The Filmmaking: The Conversation Part 2

In an earlier post, I have said that there is another interesting shot in the movie ‘The Conversation’. This shot is not so much like a difficult shot to shoot, but what interests me more about this shot is what it brings to the table. It is interesting in that it goes beyond its immediate purposes of forcing the plot forward, and tries to give an insight into people.

The shot begins with Harry in the confessional, and telling the priest his sins. The focus is completely on Harry at the beginning of the shot.

The confession 1

But as his monologue proceeds, the camera zooms on…

The confession 2

…and on until he is totally out of focus; The background which had been dark until now, is illuminated.

The confession 3

The camera zooms further until Harry is completely out of the frame and we can make out the face of the priest through the mesh.

the confession 4

If this shot was only intended to take the story forward, it would have been sufficient to leave the focus on Harry, but Coppola goes beyond Harry. So, why does he do that? I think, and I may be wrong, that he is making a comment here.

Until, now, Coppola has introduced us to three kinds of people, or let me say, professions. The first one, introduced in the very opening shot of the movie, is the mime. The mime is a very simple fellow, he looks at our mannerisms, the way we walk, the way we talk, how we sip coffee, and so on, and tries to imitate us, and thereby entertain us. So long as his subject, which is you and me, doesn’t notice him, the mime is us. He tries to look into us, and we let him, because he is only scraping the surface of what we are.

The second person, is Harry himself, a surveillance technician, who is the subject of the movie.
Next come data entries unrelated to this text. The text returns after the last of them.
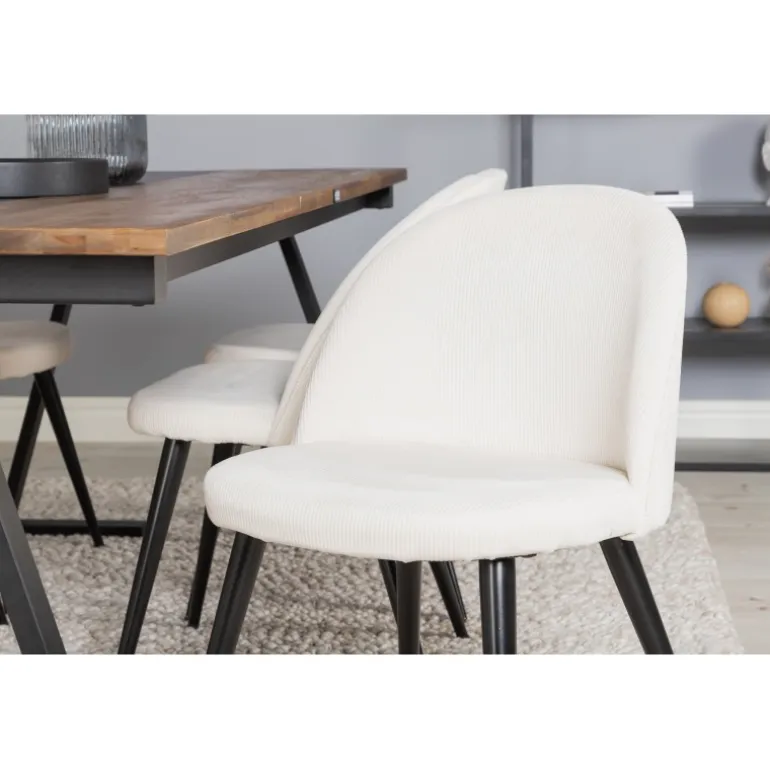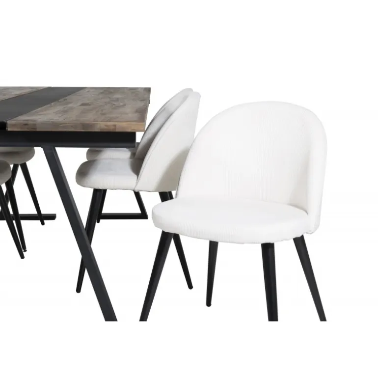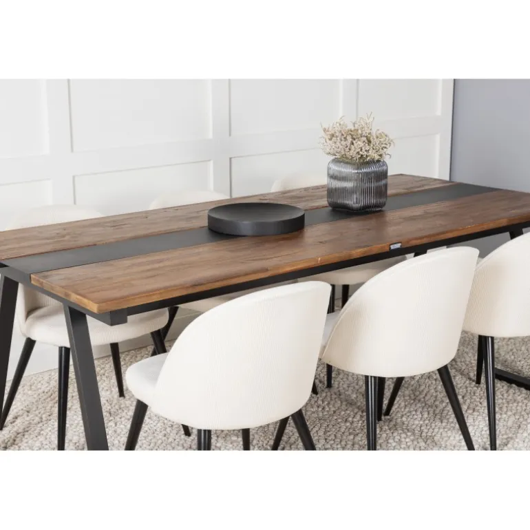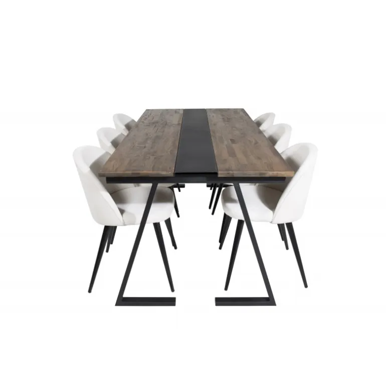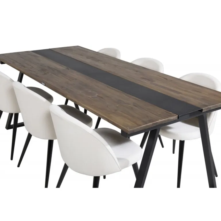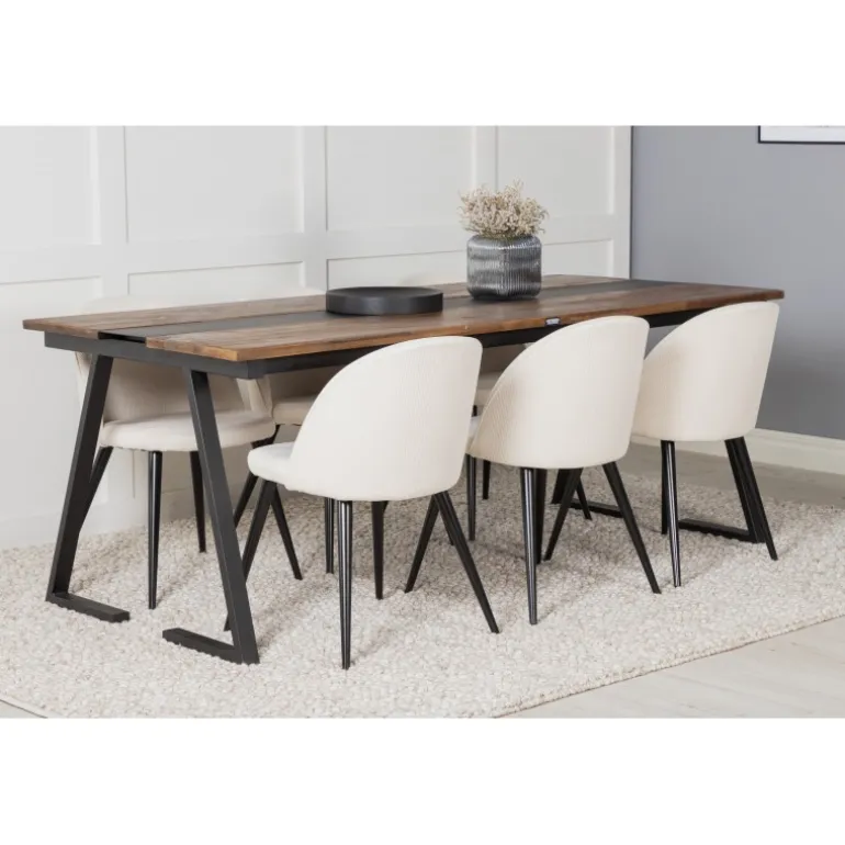 Hvem elsker ikke kombinationen af lys og frisk til lækkert rustikt træ? Spisebordet Jakarta og spisestolene Velvet er den perfekte kombination til hjertet af hjemmet. Med sit varme og hjemlige design bliver det hurtigt en flot indretningsdekoration. Spisebordsæt Jakarta er lavet af førsteklasses materialer som teak, stål og skum, hvilket sikrer både holdbarhed og komfort. Uanset om du holder en festmiddag eller en hyggelig familiemiddag, vil dette møbelsæt være midtpunktet i din spisestue.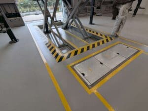 A 110m² Pumadur Polyurethane Coating installed in Grey supplied by RESDEV for a leading automotive brand. Additional health & safety line markings installed in yellow and black using a Pumatect V Epoxy coating.
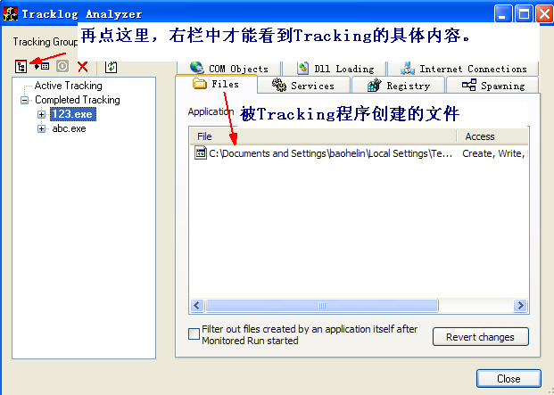 右栏中的services、regisrty等与File含义类似,你是英文老师,就不用我解释其含义了。要说一句的是Spawning:指被Tracking程序调用的程序。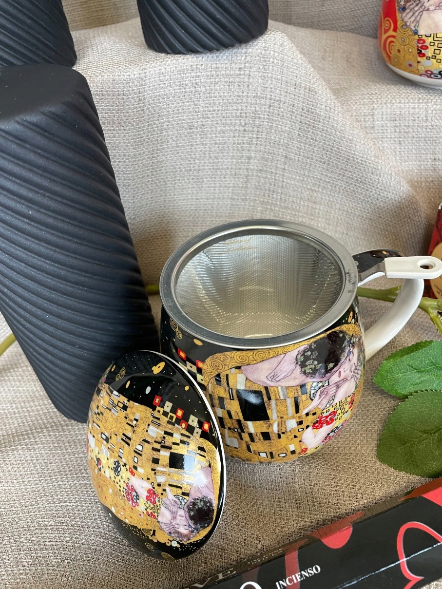 Кружка с заварочным устройством, украшенная картиной Густава Климта «Поцелуй».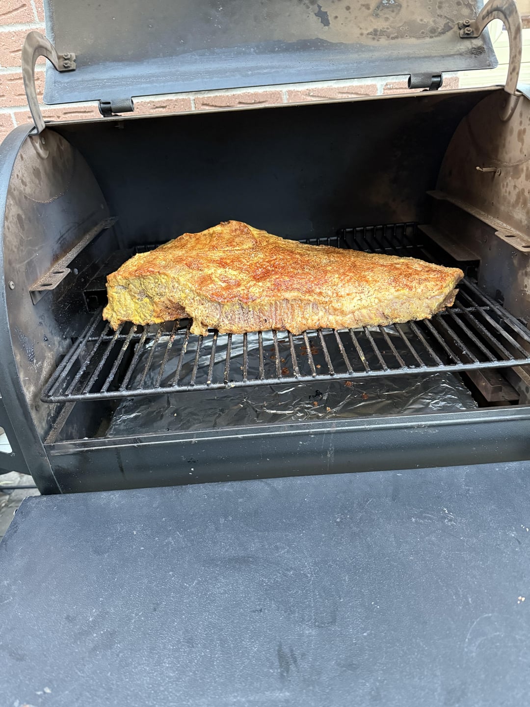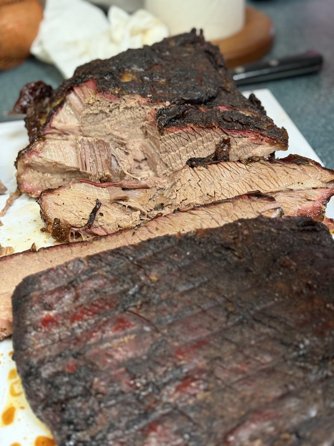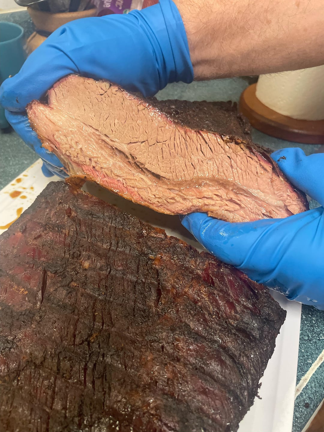 Very happy with my first brisket. Tender, juicy, and tons of flavour. I used Matt from Meat Church’s technique. It went on the Traeger at 8pm, at 200F. In the morning, around 8am, up to 220F until the interval temp was 170ish, then increased heat to 250F, and wrapped in butcher paper, and waited until 205F internal temp. That happened at about 315pm. Into a cheapo cooler until supper at about 630pm.
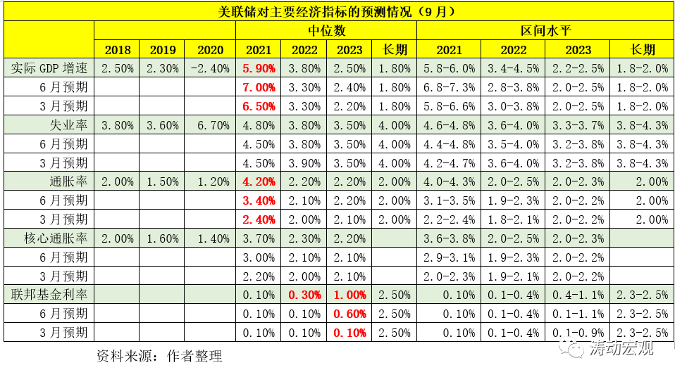 (一)雖然此次會議上,美聯(lián)儲維持聯(lián)邦基金目標(biāo)利率不變、維持每月增持至少800億美元的美國國債和500億美元的MBS不變,延續(xù)了近期幾次議會議的總體基調(diào)。但從對2021年-2025年的經(jīng)濟(jì)指標(biāo)預(yù)測情況以及鮑威爾的發(fā)言來看,醞釀了多月的Taper極有可能在今年11月正式啟動,真正拉開Taper序幕。

This man looks into our deepest secrets, and does that neither with our knowledge nor our permission to do it. And for that, this man is the most despised of all.

The third person, whom Coppola introduces, is the priest who is introduced in this shot. This person is more interesting because we let him on our deepest secrets ourselves; he neither asks us nor are we forced to tell him our secrets, we do that off our own accord. The act of confession somehow makes us lighter, and happier, and this priest in the confessional is the most respected and loved of these three guys.

This is what interests me about this shot. With this shot, Coppola has given us three distinct people, the mime, the spy, and the priest,  hitherto unconnected people, and has tied them together. And he’s asking us to brood over them for a while.